Le banquier central européen pourrait vouloir attendre de connaître les effets des baisses de taux d'intérêt et de l'apport massif de liquidités aux banques avant de faire un pas supplémentaire pour soutenir l'activité.
Revue de presse
La Banque centrale européenne (BCE) devrait appeler les gouvernements de la zone euro, jeudi 12 janvier, à intensifier leurs efforts de consolidation budgétaire en attendant d'observer les effets des mesures de soutien à l’économie et aux banques prises fin 2011.
Le Conseil des gouverneurs devrait laisser le principal taux d'intérêt inchangé à 1,0%, après deux baisses consécutives (en novembre puis décembre), selon une majorité d’experts.
Pression de la BCE
"Nous pensons que la BCE va prendre une position attentiste, le temps de voir comment fonctionnent les mesures qu'elle a mises en place", explique un économiste de Goldman Sachs, Dirk Schumacher, qui s'attend par ailleurs à ce que la BCE exerce "une pression accrue (…) sur les gouvernements pour qu'ils jouent leur rôle (…) à l'approche du sommet de Bruxelles le 30 janvier".
Le banquier central européen se trouve face à une situation complexe. Il doit à la fois prendre en compte la perspective d’une récession dans la zone euro et les menaces qui pèsent sur le système financier, mais aussi le scénario d’une éventuelle déflation.

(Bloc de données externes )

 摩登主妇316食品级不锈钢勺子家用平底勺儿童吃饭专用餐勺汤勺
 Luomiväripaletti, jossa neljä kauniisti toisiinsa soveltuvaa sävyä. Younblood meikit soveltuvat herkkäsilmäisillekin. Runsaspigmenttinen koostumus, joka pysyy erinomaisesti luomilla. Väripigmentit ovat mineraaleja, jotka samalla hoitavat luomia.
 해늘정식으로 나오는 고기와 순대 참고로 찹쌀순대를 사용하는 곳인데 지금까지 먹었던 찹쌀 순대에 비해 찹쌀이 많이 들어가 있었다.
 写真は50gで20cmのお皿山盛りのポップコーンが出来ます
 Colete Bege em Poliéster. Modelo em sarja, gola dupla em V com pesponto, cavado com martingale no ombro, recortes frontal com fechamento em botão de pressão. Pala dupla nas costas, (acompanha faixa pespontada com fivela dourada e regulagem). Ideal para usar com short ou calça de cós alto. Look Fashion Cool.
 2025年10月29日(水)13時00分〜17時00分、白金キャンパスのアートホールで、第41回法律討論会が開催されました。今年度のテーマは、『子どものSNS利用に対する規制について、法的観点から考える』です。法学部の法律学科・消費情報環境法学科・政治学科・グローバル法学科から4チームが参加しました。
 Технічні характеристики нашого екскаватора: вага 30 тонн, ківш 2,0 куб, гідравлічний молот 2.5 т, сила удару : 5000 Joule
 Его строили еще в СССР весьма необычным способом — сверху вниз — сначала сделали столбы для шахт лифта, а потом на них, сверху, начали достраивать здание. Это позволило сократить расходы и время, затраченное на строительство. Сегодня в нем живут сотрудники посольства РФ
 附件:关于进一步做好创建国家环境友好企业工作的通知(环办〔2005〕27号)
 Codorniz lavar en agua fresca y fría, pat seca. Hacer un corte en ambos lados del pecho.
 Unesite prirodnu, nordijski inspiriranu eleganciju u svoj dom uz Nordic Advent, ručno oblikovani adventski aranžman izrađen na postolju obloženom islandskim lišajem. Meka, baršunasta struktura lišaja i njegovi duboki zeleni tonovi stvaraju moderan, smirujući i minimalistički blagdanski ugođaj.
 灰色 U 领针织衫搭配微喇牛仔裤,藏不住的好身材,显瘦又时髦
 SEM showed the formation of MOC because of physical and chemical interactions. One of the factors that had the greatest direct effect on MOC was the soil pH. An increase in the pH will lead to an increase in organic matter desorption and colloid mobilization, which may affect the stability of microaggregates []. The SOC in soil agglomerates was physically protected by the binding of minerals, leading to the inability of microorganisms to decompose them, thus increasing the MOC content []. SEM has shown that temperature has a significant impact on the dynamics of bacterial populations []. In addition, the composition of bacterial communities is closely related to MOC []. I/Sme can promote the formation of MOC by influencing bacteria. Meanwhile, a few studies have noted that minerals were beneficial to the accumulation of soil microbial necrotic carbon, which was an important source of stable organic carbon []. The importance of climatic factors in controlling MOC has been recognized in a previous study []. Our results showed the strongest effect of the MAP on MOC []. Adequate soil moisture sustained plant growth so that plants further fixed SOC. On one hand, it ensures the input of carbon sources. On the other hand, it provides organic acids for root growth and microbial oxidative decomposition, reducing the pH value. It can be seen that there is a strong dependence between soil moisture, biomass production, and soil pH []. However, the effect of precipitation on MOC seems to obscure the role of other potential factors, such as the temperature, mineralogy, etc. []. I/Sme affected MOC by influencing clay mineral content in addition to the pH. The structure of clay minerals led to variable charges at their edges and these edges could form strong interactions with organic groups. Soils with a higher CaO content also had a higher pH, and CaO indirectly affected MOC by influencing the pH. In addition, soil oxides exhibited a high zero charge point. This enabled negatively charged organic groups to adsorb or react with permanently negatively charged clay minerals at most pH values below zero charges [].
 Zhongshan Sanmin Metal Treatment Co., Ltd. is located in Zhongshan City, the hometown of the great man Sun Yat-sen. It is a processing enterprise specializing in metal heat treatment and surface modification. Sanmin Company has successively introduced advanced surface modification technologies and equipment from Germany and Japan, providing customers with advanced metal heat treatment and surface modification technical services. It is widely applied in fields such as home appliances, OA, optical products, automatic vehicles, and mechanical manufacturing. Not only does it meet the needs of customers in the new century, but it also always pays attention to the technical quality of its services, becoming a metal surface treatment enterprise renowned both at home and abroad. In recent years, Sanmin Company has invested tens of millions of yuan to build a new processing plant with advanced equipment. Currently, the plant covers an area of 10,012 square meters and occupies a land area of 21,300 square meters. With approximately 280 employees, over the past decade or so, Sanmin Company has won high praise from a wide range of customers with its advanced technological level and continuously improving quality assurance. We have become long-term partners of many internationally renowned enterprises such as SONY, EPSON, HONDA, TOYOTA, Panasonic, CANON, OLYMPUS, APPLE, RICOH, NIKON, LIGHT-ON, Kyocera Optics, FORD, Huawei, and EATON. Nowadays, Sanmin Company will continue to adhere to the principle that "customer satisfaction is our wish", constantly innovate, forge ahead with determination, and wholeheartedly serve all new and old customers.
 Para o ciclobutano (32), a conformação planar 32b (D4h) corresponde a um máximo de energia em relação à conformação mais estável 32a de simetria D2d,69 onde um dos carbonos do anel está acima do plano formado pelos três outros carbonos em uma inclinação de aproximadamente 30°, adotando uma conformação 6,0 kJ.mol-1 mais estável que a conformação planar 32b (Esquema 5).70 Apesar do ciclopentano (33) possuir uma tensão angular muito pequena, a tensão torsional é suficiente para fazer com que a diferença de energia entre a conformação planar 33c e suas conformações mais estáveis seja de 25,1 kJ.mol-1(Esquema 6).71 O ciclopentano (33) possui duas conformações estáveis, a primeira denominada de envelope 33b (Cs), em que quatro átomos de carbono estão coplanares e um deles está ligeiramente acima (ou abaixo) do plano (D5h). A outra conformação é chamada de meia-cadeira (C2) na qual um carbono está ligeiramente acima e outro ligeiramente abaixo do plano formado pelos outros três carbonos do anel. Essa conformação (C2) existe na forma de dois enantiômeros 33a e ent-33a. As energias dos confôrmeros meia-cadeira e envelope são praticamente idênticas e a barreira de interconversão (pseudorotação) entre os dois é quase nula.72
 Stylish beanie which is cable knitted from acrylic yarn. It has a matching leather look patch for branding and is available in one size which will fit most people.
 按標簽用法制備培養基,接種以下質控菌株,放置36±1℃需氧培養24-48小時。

De 2,8% en décembre, l’inflation dans la zone euro pourrait retomber à un niveau inférieur à 2% d’ici quelques mois. Un scénario qui pourrait ouvrir la voie à une nouvelle baisse des taux d'intérêt « au cours de l’une des trois prochaines réunions », selon Christian Schulz, économiste de la banque Berenberg, qui estime toutefois que la probabilité d’un tel scénario ne dépasserait pas 40%.
Avec un taux d’intérêt à son plus bas niveau, comme après la faillite de Lehman Brothers à l’automne 2008, la BCE ne dispose déjà plus que d’une marge de manœuvre limitée si la situation économique et financière devait continuer à se détériorer dans la région.
Du côté des Etats
Le président français, Nicolas Sarkozy, avait déclaré le mois dernier que l'apport massif de liquidités à trois ans aux banques (489 milliards d'euros) pourrait permettre de soutenir les Etats, à travers l'achat d'obligations italiennes ou espagnoles. Les montants record des dépôts des banques à la BCE montrent toutefois que cette démarche est loin d'avoir été entamée.
"Je ne crois pas que (Mario Draghi) dise aux banques ce qu'elles doivent faire de leur argent, estime Christian Schulz, également ancien économiste de la banque centrale. Il est possible que cela se traduise par un petit soutien aux Etats (…) mais les grandes banques vont continuer de réduire leur bilan et rester autant que possible à l'écart des titres d'Etat."
La BCE résiste toujours fermement aux pressions exercées par certains pays, comme la France et l'Irlande, qui veulent lui faire adopter une politique d'assouplissement quantitatif ("quantitative easing") sur le modèle des banques centrales américaine et britannique.